Longmire has been on my radar for some time, but due to the flood of procedurals we have covered during the summer television season, I wanted to cover some other genres before I took on this series. With a bit of distance between me and my last crime drama (a whole two weeks!), I’m ready to jump into Longmire.
The series follows the exploits of Sheriff Walt Longmire (Robert Taylor) of Absaroka County, Wyoming, an old-school lawman who has spent the last year mourning the death of his wife and not much else. Throughout the episode, the deputies of Absaroka County — especially sheriff-wannabe Branch Connally (Bailey Chase) — make it abundantly clear that Walt hasn’t been around much and when he has been around, he hasn’t actually done much of anything. The pilot has Walt getting back in the saddle and solving the murder of a man he’s never seen before (a rare occurrence in Absoraka).
While Walt is clearly the main character of the series, we’ve got a few other major characters to discuss here. First and foremost, we’ve got his trusty deputies: Vic Moretti (Katee Sackhoff), ‘The Ferg’ (Adam Bartley) and our good friend, Branch. Vic is the newbie of the deputies, having transferred from Philadelphia six months ago, but she also seems to be deputy that is closest to Walt. She’s like Starbuck on land with a little less rebel in her, but with just as much sass. Not much is known about ‘The Ferg’ from the pilot, except for the fact that he’s called ‘The Ferg’ and seems to be an agreeable fellow. Branch, on the other hand, is being set up to be Walt’s workplace antagonist. Unhappy with the out-of-date stylings of Walt Longmire, Branch decided to start campaigning against Walt for Absaroka’s sheriff on the next election without telling him — too bad (for him) Walt sees a sign on the outskirts of the county when he goes to notify next of kin for the episode’s murder victim.
Branch isn’t the only long-term antagonist for Longmire, though. It appears Absaroka County is home to an Indian Reservation whose police force doesn’t care for Walt much.

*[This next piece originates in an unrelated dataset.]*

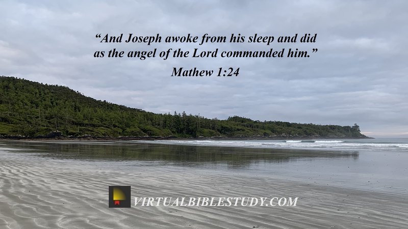 18 Now the birth of Jesus Christ was as follows: when His mother Mary had been betrothed to Joseph, before they came together she was found to be with child by the Holy Spirit. 19 And Joseph her husband, being a righteous man and not wanting to disgrace her, planned to send her away secretly. 20 But when he had considered this, behold, an angel of the Lord appeared to him in a dream, saying, “Joseph, son of David, do not be afraid to take Mary as your wife; for the Child who has been conceived in her is of the Holy Spirit. 21 She will bear a Son; and you shall call His name Jesus, for He will save His people from their sins.” 22 Now all this took place to fulfill what was spoken by the Lord through the prophet: 23 “ Behold, the virgin shall be withchild and shall bear a Son, and they shall call His nameImmanuel ,” which translated means, “ God with us .” 24 And Joseph awoke from his sleep and did as the angel of the Lord commanded him, and took Mary as his wife, 25 but kept her a virgin until she gave birth to a Son; and he called His name Jesus.

Apparently, prior to the series, Walt arrested their police chief for extortion. Whoops. Luckily for Walt, he has a good friend in Henry Standing Bear (Lou Diamond Phillips), who assists him with any dealings he needs to make on the reservation.
Longmire, like many police procedurals, lacks a good Big Bad, but hopefully it will be able to keep my interest without one. The main cast of Robert Taylor, Lou Diamond Phillips and Katee Sackhoff seems to work well. I can see a “Bill Adama-Kara Thrace” kind of relationship between Taylor and Sackhoff, which worked very well in Battlestar Galactica, and I think will work very well in Longmire.
Like Rome, I got into Longmire to fill a void left by one of my favorite series being over for the year. So far, I’m content with the job it is doing with my western-theme crime drama fix. Longmire might not be as action-oriented as Justified, but Walt is just as emotionally-damaged and badass as Raylan. That must be why Country music is known for being comically over-the-top in their lamentations: all of their cowboy heroes carry their own weight in emotional baggage.
- Rating: “Content.”
- Comment: Longmire is a western-style police procedural which doesn’t seem to offer anything special, but I’m fond of westerns and will probably stick with the show for awhile.
- You might like Longmire if you like: classic westerns; Justified, but wanted something a bit slower; Walker, Texas Ranger, Battlestar Galactica (mostly because of Katee Sackhoff, but both shows shun technological advancement!)
Longmire finished its second season (yesterday) on A&E, but you can catch up on the first season on Netflix.